— А ты не ошиблась?
— Дак простое все. Эвон, — она извлекла из мешочка кусочек коры, — ведьмин шип. [30] Енто из того, что здесь наложено, самое сильное. Кора у него свежая, потому с него тебя и пронесет, и замутит до блевотины. А прочее…, — она пожала плечами. — Сорочьи ягоды тож сильны, но не излиха, а про бородавник с почечуйной травой вовсе молчу. [31]
— А если у человека и без того хорошо с… облегчением?
Она хмыкнула.
— Стало быть, пару-тройку дней, не меньше, в стончаковой избе просидит безвылазно.
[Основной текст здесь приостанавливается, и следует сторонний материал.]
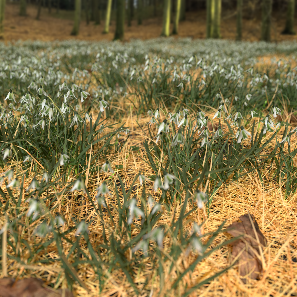 This is PBR Common Snowdrop meadow patch created in Blender in real world scale (100cm x 100cm). It includes 5 different models:

Но тут глядя по тому, какова крепость настоя да сколь много ты его выпьешь, — и она, помахав мешочком, уточнила: — Четверти этого тебе на три дня хватит.
Странно, зачем Романову рисковать… Я задумался и приуныл. Получается, этот гад хотел меня просто поднять на смех. Выходит, я для него все-таки покойник, раз он и рук об меня марать не захотел. Факт второй и тоже неприятный: к Багульнику у Докуки доверия нет. Отсюда и устроенная ему контрольная проверка: на самом деле подольет или мой дворский — засланный казачок. И если верно второе — кто поверит, что враг вместо яда подсунул слабительное?
Хотя погоди-ка. Помнится, Федор Никитич тоже был у Вознесенского монастыря в числе сопровождавших Годунова бояр. Значит, слышал, как тот грозился отправить меня в Туруханск, то есть тьфу ты, в Мангазею, если я останусь в Москве до послезавтрашнего утра.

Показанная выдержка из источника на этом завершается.